CALIVIN COLLEGE ALUMNI: OFFICER KEN DEKLEINE

http://www.calvin.edu/publications/spark/2005/winter/dekleine-ken.htm

Alumni Profile • Ken DeKleine '87

"Sometimes somebody has to do something...and sometimes that somebody is me."

That's become the motto of Holland, Mich., police officer Ken DeKleine '87. It's what he thought when he heard about an opportunity to work as an International Police Liaison Officer (IPLO) in Iraq .

"Sometimes, now, I regret having thought that," he laughed.

Like on days when it's 118 degrees in the shade and the sand flies are biting and Internet service is down. Or when mortar rounds explode on the forward operating base in Tikrit where he lives with a couple of thousand coalition troops.

And then there are the difficulties of his job. IPLOs work for a private security company contracted by the U.S. State Department. As senior team chief for Salah Ad Din province, DeKleine supervises 33 other IPLOs who are training new Iraqi police officers across the province. He also attempts to advise and mentor the new provincial police chief, Maj. Gen. Hamad.

"There are commonalities between us," DeKleine said, like the fact that both were raised on farms and spent time in the military.

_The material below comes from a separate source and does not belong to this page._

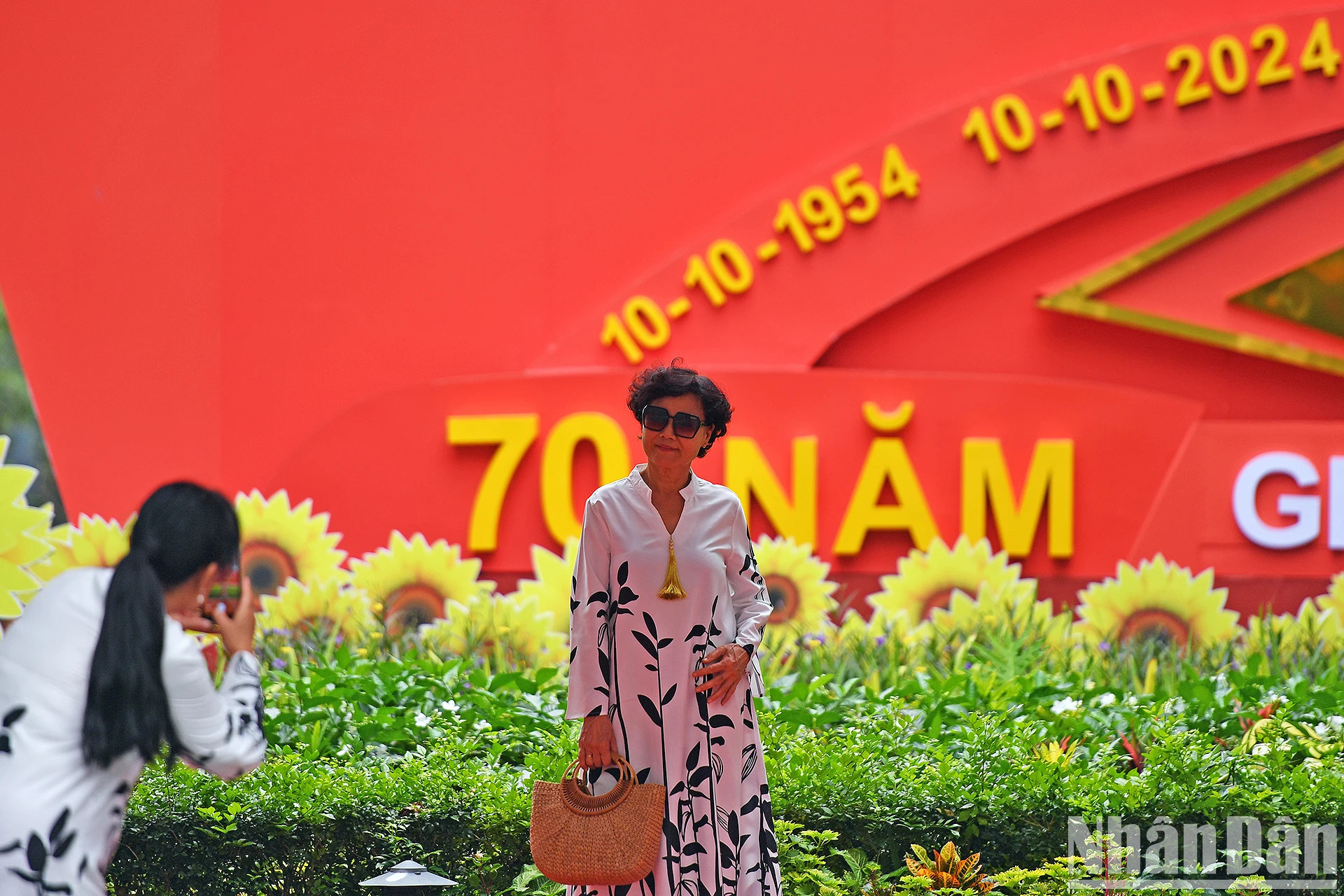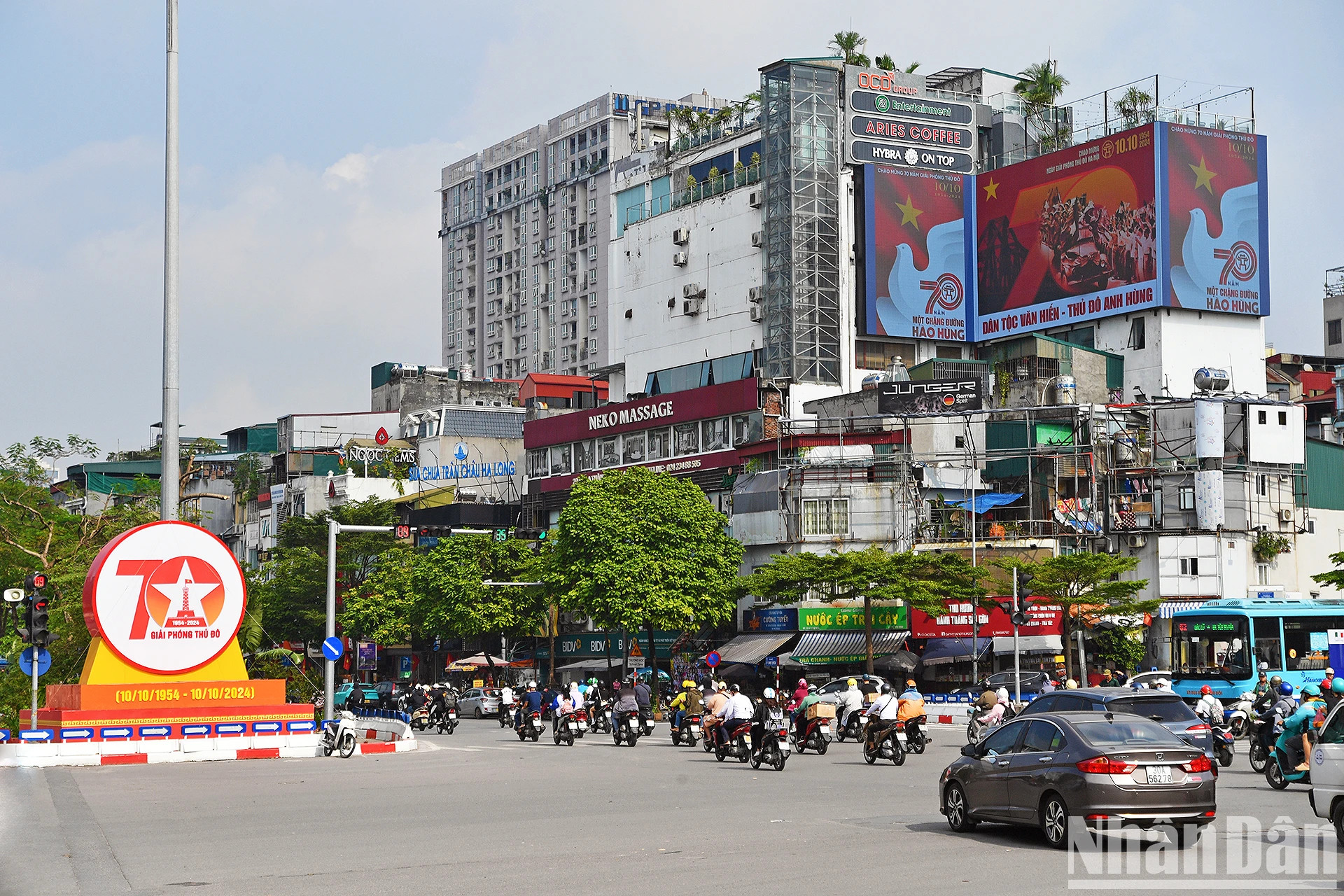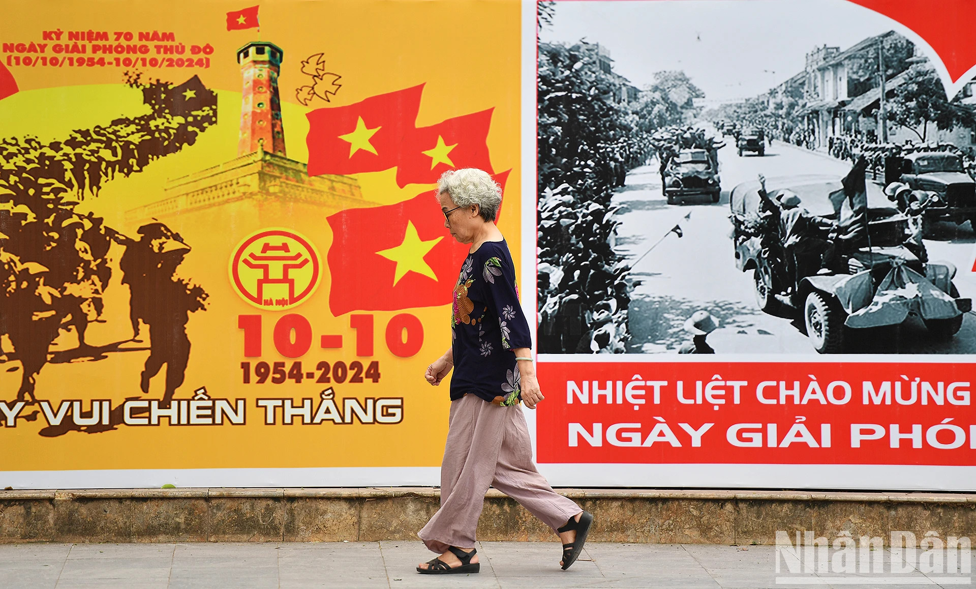 再过几天,河内人民将庆祝首都解放日(1954·10·10~2024·10·10)70周年。这几天,大街小巷,“胜利日”的英雄形象已被罩上红色,带来了自然灾害和洪涝灾害后的欢乐气氛。

But differences in mind-set between the two men - between their two countries - repeatedly baffle DeKleine. "They do want to make their country more secure," he said, "but their tribal mentality is very difficult to overcome. If a crime occurs within a tribe, it doesn't get reported, but if a crime occurs across two tribes, they consider it a blood debt. Tribes have been killing back and forth for 50 years over a stolen horse."

The tribal mind-set has innumerable ramifications for criminal justice, DeKleine said, from the number of police stations in a given city to the way search warrants are carried out.

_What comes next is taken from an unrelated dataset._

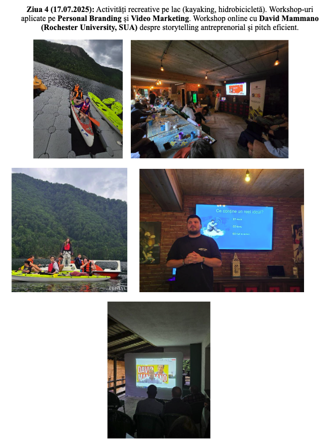 • Ziua 4 (17.07.2025): Activități recreative pe lac (kayaking, hidrobicicletă). Workshop-uri aplicate pe Personal Branding și Video Marketing. Workshop online cu David Mammano (Rochester University, SUA) despre storytelling antreprenorial și pitch eficient.

Though he often shakes his head, DeKleine is not quick to condemn Iraqi ways. "I'm learning how arrogant we Americans can be," he said. "Sometimes I drop my jaw when I hear how they do things. But then I step back and look at the way we treat drunk drivers. Multiple offenders are still on the road claiming victims. We're not the answer to every aspect of Iraqi justice."

DeKleine thinks it will be at least a generation before Iraqis are able to form a secure democratic society. He draws an analogy from police work back home. "When we arrest a person who is assaulting the rest of a family, that doesn't mean that then everything's going to be fine for that family. They've been steeped in a culture of violence. When the assaulting figure is out of the picture, how will they deal with the power struggle that opens up in the family? Probably fights and assaults will continue. That's what is going on here."

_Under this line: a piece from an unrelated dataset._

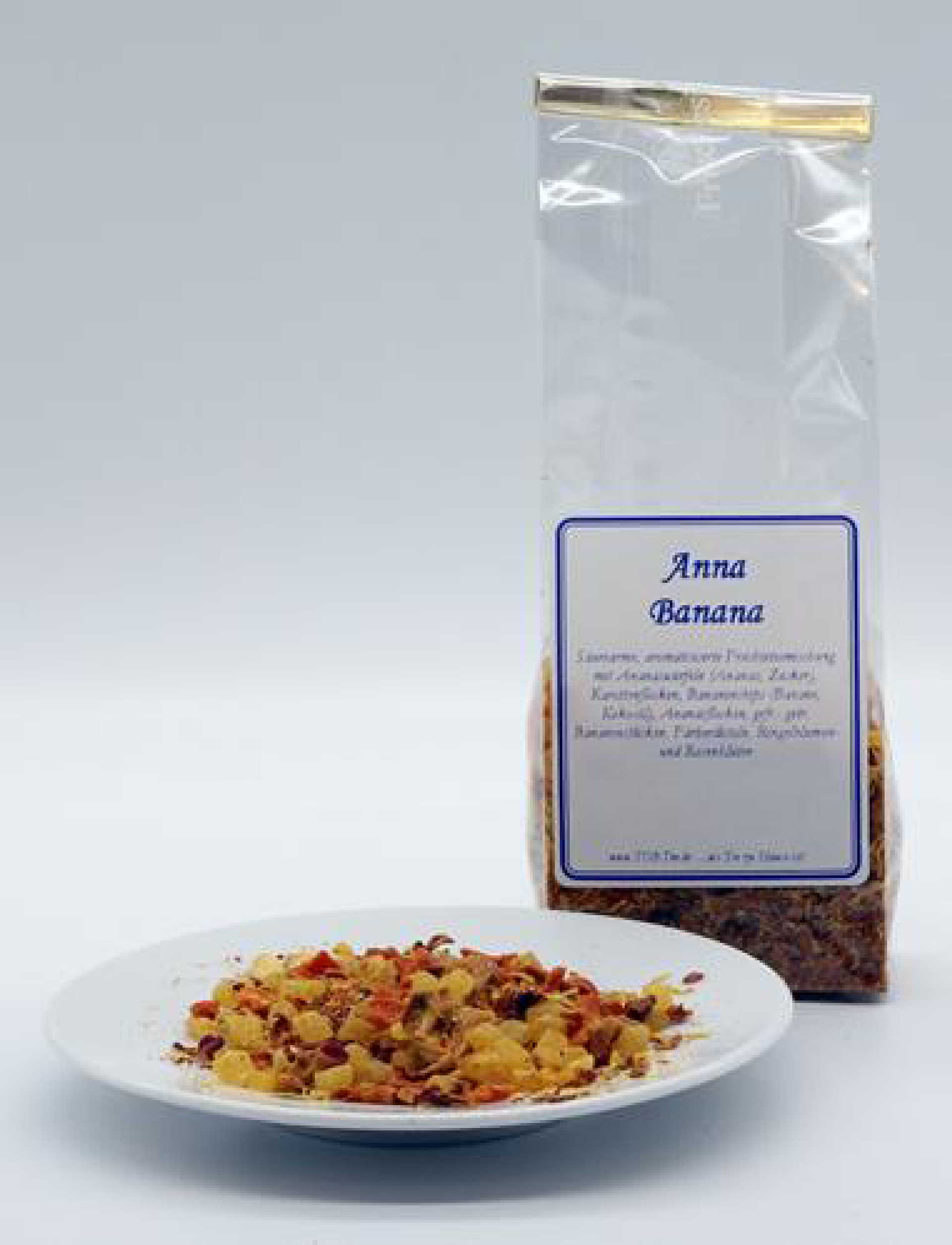 Säurearme, aromatisiserte Früchteteemischung mit Ananaswürfeln (Ananas, Zucker), Karottenflocken, Bananenchips (Banane, Kokosöl), Ananasflocken, gefr.- getr. Bananenstücken, Färberdisteln, Ringelblumen- und Rosenblüten

Still, DeKleine has "an earnest hope" that Iraqis will come to "shoulder the great responsibility and self-discipline that freedom requires." Having seen the rich, millennia-old culture of Iraq , he hopes for the day when an ordinary citizen from Holland or Tikrit can travel to the other's city.

After a year in Iraq , Ken DeKleine returns home to his wife, Lori Meulman DeKleine '86, and their two children on Feb. 12. He can tell you how many hours, minutes and seconds until that day.